The processing required for making chicken nuggets begins with deboning. The chicken is cut and shaped to the correct size. This is done either manually, or by a series of automatic blades, or by a process called grinding (a method of deboning in which the softer parts of the chicken carcass are forced through a mesh, leaving behind the more solid pieces, resulting in a meat paste. If used, this paste is then shaped before battering). The pieces are battered and breaded in a large cylindrical drum that rotates, evenly coating all of the pieces in the desired spices and breading. The pieces are then fried in oil until the batter has set and the outside reaches the desired color. Finally, the nuggets are packaged, frozen and stored for shipping. While specific ingredients and production methods may vary between manufacturers, the above practices hold true for most of the industry.

In popular culture
Chicken nuggets have been the subject of food challenges, social media phenomena, and many more forms of public notoriety. The dish has inspired gourmet restaurants, exercise routines, and even feature-length productions, including Cooties, a movie about a grade school child who eats a chicken nugget infected with a virus that turns prepubescent children into zombies. Thomas Welborn holds the world record for eating the most chicken nuggets in three minutes (746 grams, or approximately 42 chicken nuggets).

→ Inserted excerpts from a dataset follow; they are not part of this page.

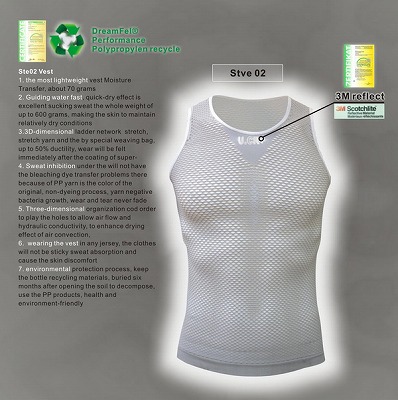 この「Ste02ベスト」は同じく台湾のTriOcean Textile Co. Ltd.の製品である「DreamFel」という繊維を混紡して作られています。この繊維は100%ポリプロピレンでできており、超軽量で繊維自体は吸水せず、これで作った衣料品は素肌から外部へ水分を排出して体をドライに保つ特性を持ち、また繊維自体の熱伝導性が低いので寒い環境で体熱を衣服内に閉じこめて体を冷やさない特性があるといいます。(繊維についてメーカー説明はこちらから(別ウィンドウ・英語))。
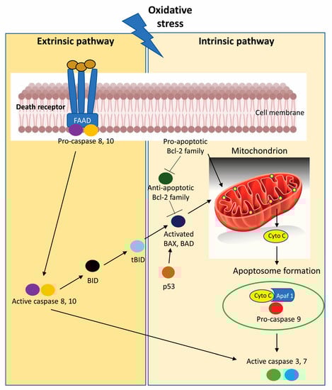 Oxidative stress promotes the activation of programmed cell death initiated by intrinsic apoptotic signaling in the mitochondria or extrinsic apoptotic signaling by death receptor pathways in CRC cells. [Apaf 1, Apoptotic protease activating factor 1; BAD, Bcl-2-Associated agonist of cell death; BAX, Bcl-2-associated X protein; Bcl-2, B-cell lymphoma-2; BID, BH3-interacting domain death agonist; cyto c, cytochrome c; tBID, C-terminal fragment termed truncated Bid].
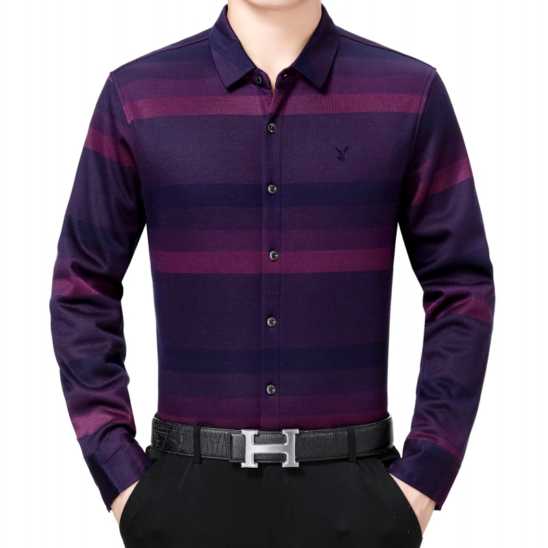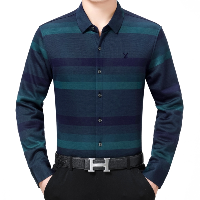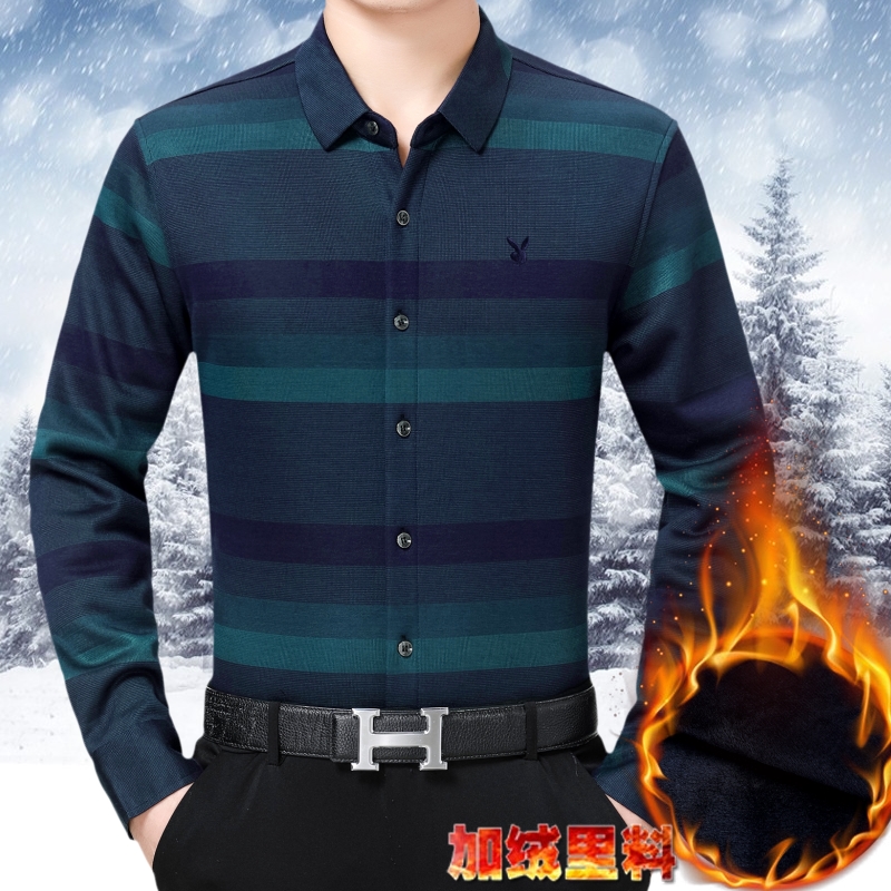 花花公子正品中年男人長袖保暖襯衫商務男裝加絨加厚條紋襯衣冬季
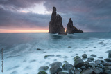 Morning seascape sunrise of Madeira. Rocky shore, silhouette of two steep cliffs and misty rocks hit by waves. Long exposure. Ribeira da Janela, traveling Madeira island, Portugal. Volcanic rocks
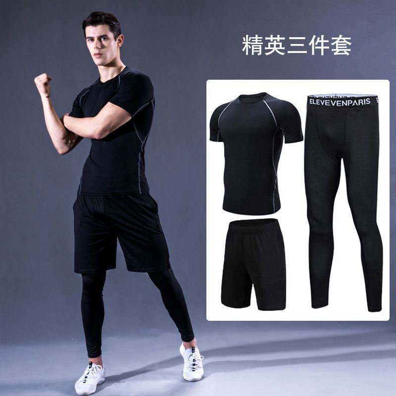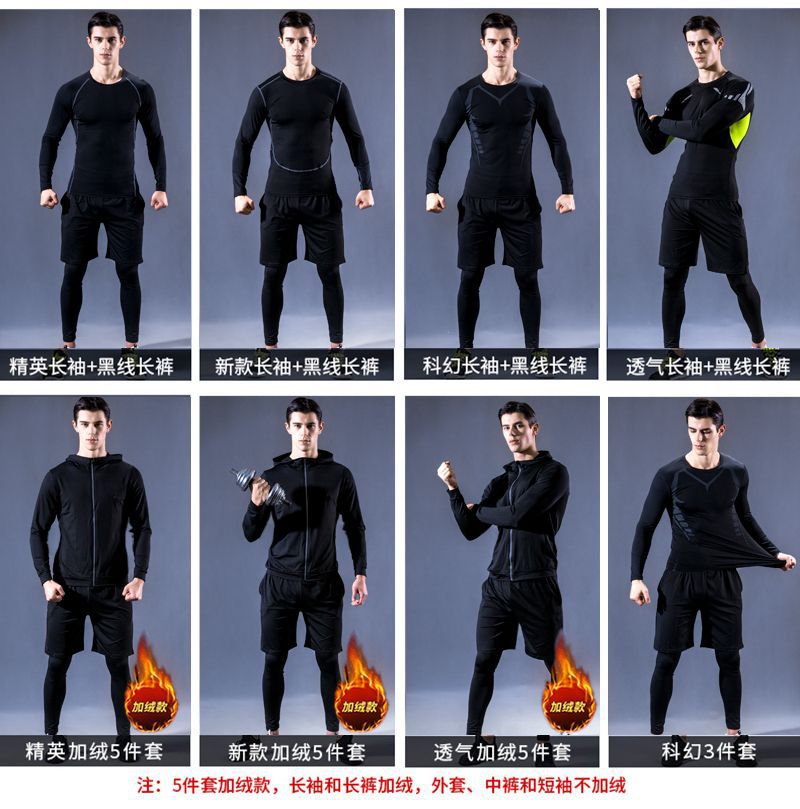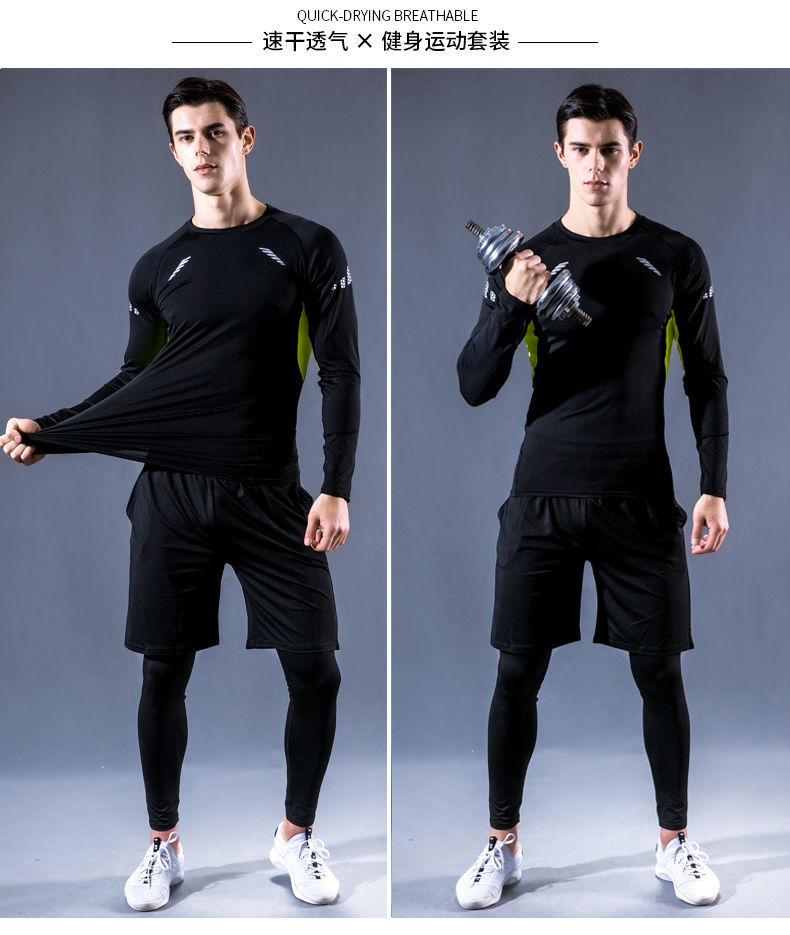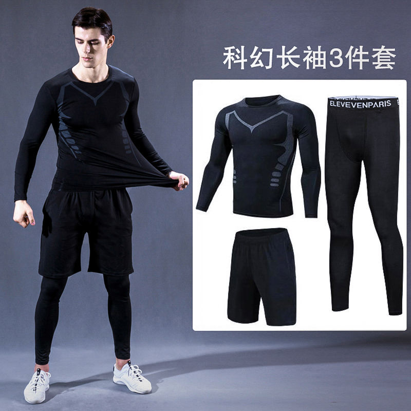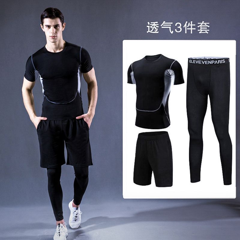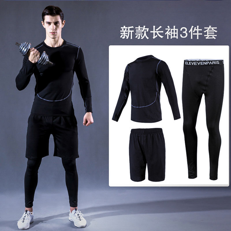 Мужской спортивный костюм для бега, весенне-осенняя одежда для бега, тренировочная одежда из трех предметов, тренировочная одежда, футболка с коротким рукавом, мужской костюм из пяти предметов
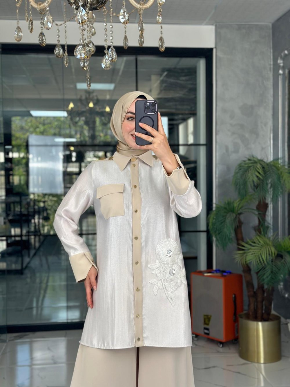 Gömlek Krep Jakar Kumaş,Pantolon Pırlanta Krep Kumaştır. Gömlek Ön Normal Patlı,Omuzlar Düğmeli,Gömlek Sağ Aplike Detaylı, Bolpaça,Rahat kalıptır.
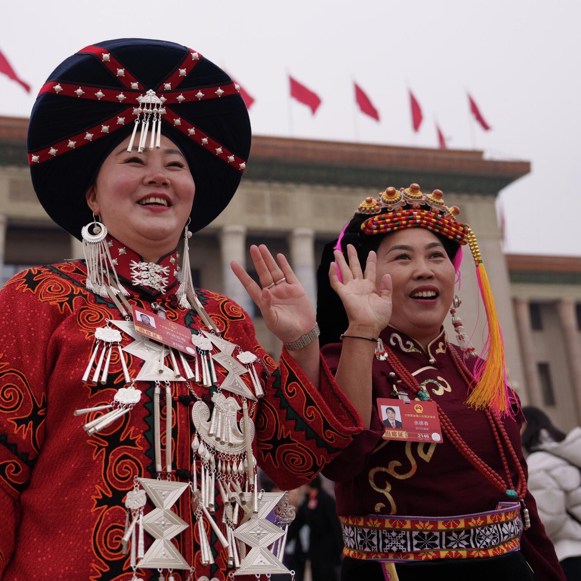 © AP Photo / Vincent Thian صورة تظهر بعض المندوبين مرتديين أزياء زاهية، أثناء قدومهم لحضور الجلسة الافتتاحية للمؤتمر الاستشاري السياسي للشعب الصيني في قاعة الشعب الكبرى.
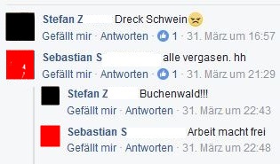 19.04.2017 Angermünder TierfreundeDem Hass freien Lauf lassenAngermünde (ipr) Ein Tierfreund aus Angermünde lässt mal wieder dem Menschenhass freien Lauf. Als Reaktion auf ein Handy-Video wird dort gefordert, Migranten zu vergasen. Es geht um das Facebook-Profil von Jan L. Das Video zeigt einen Ausschnitt aus einem Streit, der in Gewalt ausartet. Prügelnde sind wohl Migranten. Das Opfer ein Mann mit Glatze. Zwei Gramzower kommentieren: „Dreck Schwein - alle vergasen. hh – Buchenwald!!! - Arbeit macht frei“.
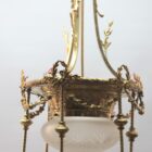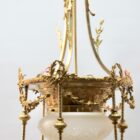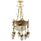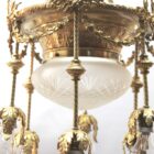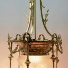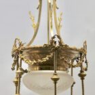 This classically designed period chandelier is made of brass.
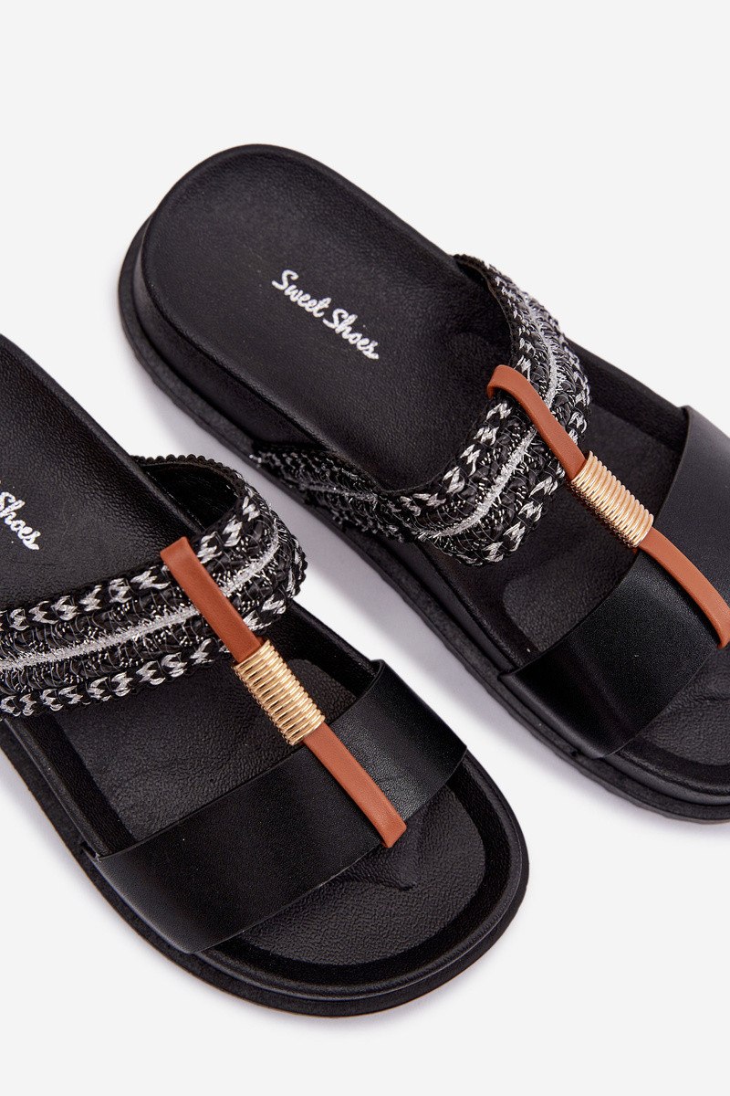 Klapki Damskie Na PlatformiewithPaskami I Złotym Detalem Czarne Tahlia
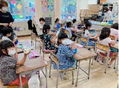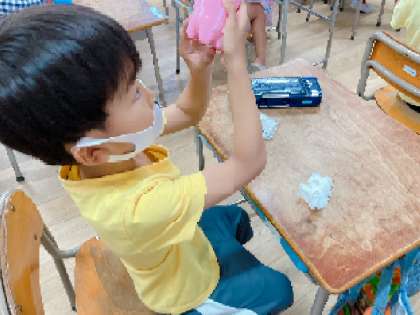 2組ではこどもフェスティバルで使う道具の準備を行いました。ペットボトルに水と絵の具を入れて、ペットボトルを振ると色水の完成です。それぞれどんな色になったか皆さん興味津々でした。
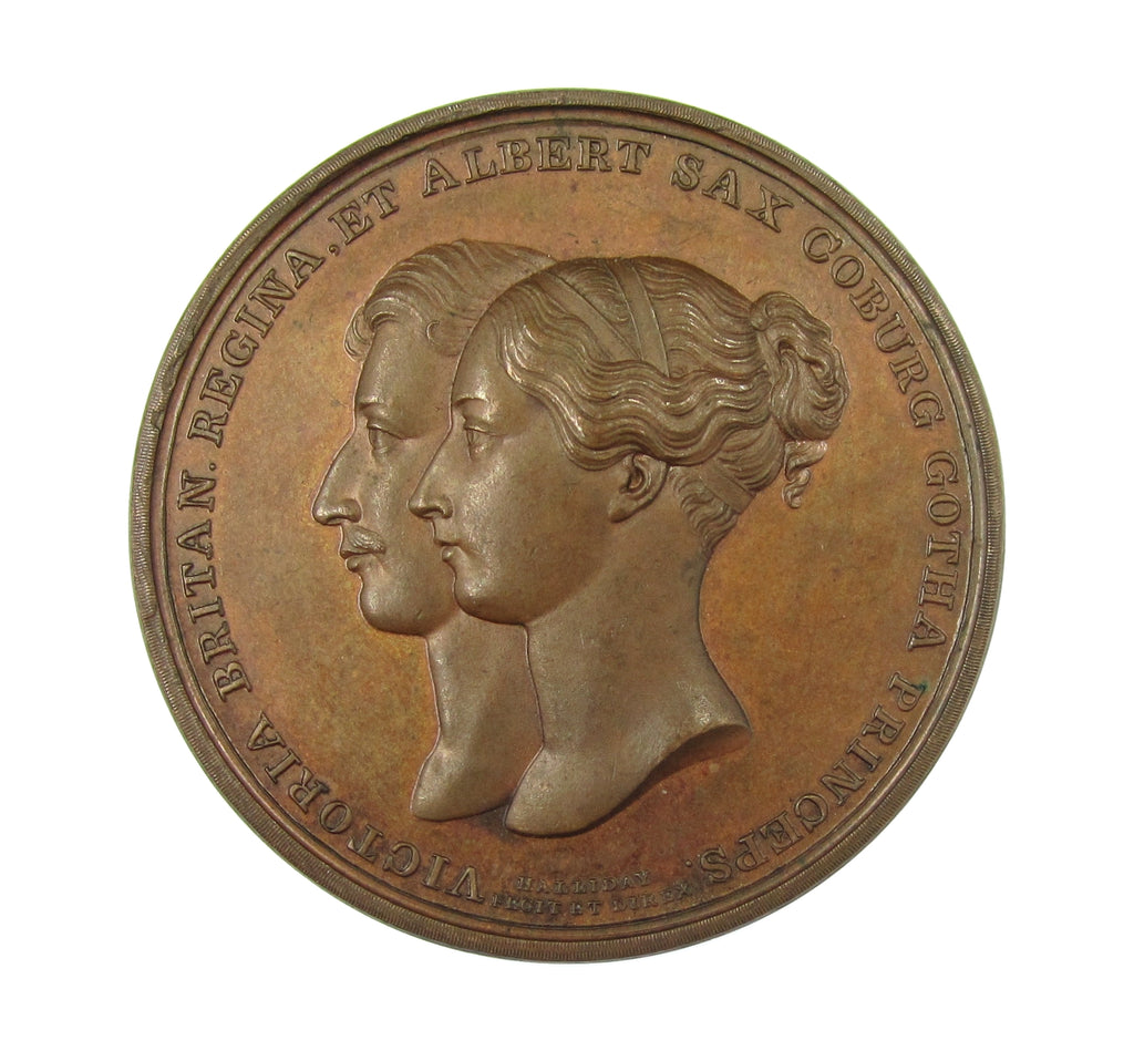 Obverse with conjoined busts of Victoria and Albert, reverse with scene of the marriage ceremony.
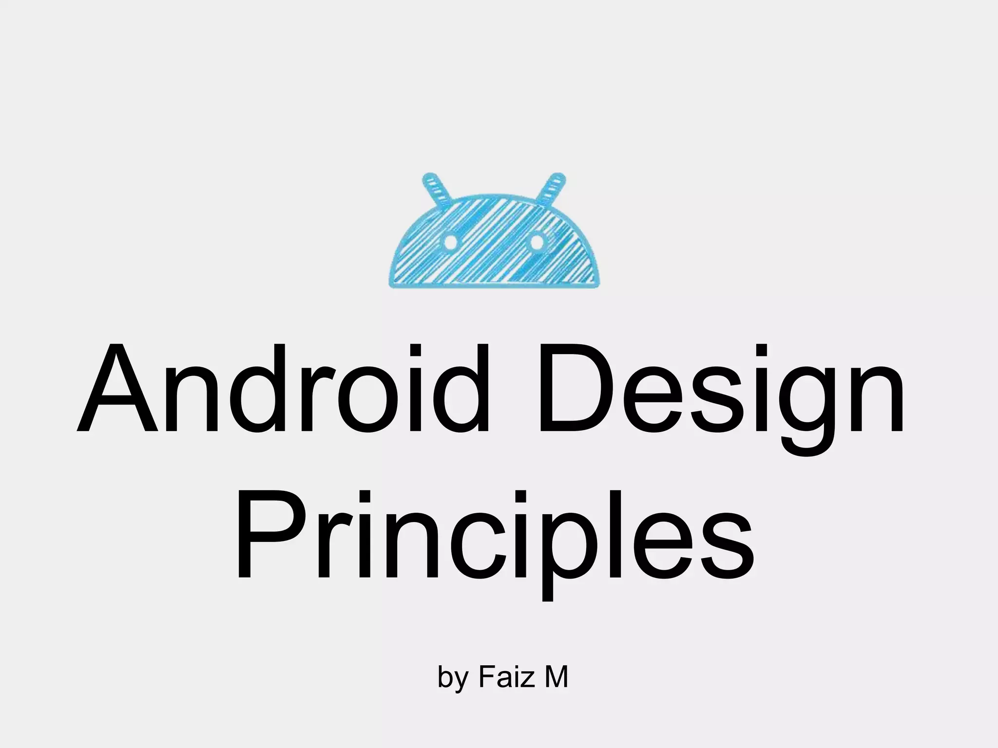 The document outlines key principles for Android design, emphasizing user engagement and simplicity. It highlights the importance of personalized experiences, intuitive navigation, and efficient functionality. Additionally, it briefly mentions popular design patterns and techniques to enhance the user interface.
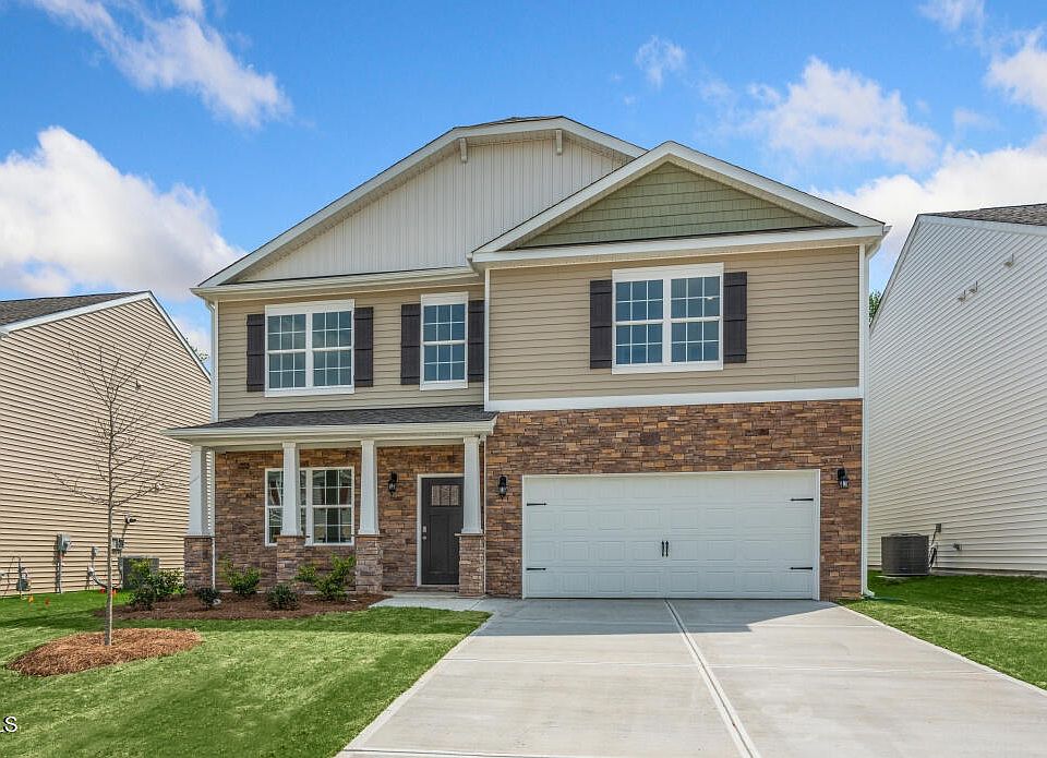 BACKS TO TREELINE! The Wilmington floorplan offers a generous 4 bedroom 2.5-bathroom space! With a bright and stylish kitchen of your dreams, enjoy entertaining your guests! Cozy up next to your fireplace with your next book or favorite game! Formal dining and office space on the first floor! Smart home package included!! Galvins Ridge is located in the booming Sanford, NC! This thoughtfully designed master-planned community will feature a wide array of gathering spaces throughout the community to stay connected with friends and family. Planned amenities include a pool, clubhouse, outdoor courts, paved walking trails, dog parks, a fishing pond, and more! It is conveniently located off Highway 1 within 10 minutes of major area employers in Central Carolina Enterprise Park and Triangle Innovation Point including Pfizer, Caterpillar, Astellas, and Vinfast. Our community is 15 minutes from 540, 20 minutes from Holly Springs Towne Center, 35 minutes from Raleigh, 35 minutes from RTP, 45 minutes to Fort Bragg, and minutes from historic downtown Sanford! Photos are representative!

On Twitter, the most retweeted tweet of 2017 was made by Carter Wilkerson who asked Wendy's what it would take for them to offer him a year of free nuggets. The tweet generated over 3.5 million retweets.

The largest recorded chicken nugget weighed  and was  long and  wide and was created by Empire Kosher. It was unveiled at Kosherfest in Secaucus, New Jersey on October 29, 2013.

Vegan nuggets 

In recent years, chicken nuggets made without chicken and with plant-based ingredients have entered the market and are sold by major retailers as vegan chicken nuggets. They are made from ingredients that include pea protein, soy protein, textured vegetable protein, and wheat gluten. Companies such as Beyond Meat, Impossible Foods, Morningstar Farms, and Simulate sell vegan chicken nuggets. In 2019, McDonald's trialed vegan McNuggets made of chickpeas and potatoes in Norway. Swedish fast food restaurant Max Hamburgare offers a dish containing nuggets made of falafel. Quorn also supplies vegetarian chicken-like nuggets derived from fungus. In 2022, KFC began serving vegan chicken nuggets at its 4,000 U.S. locations.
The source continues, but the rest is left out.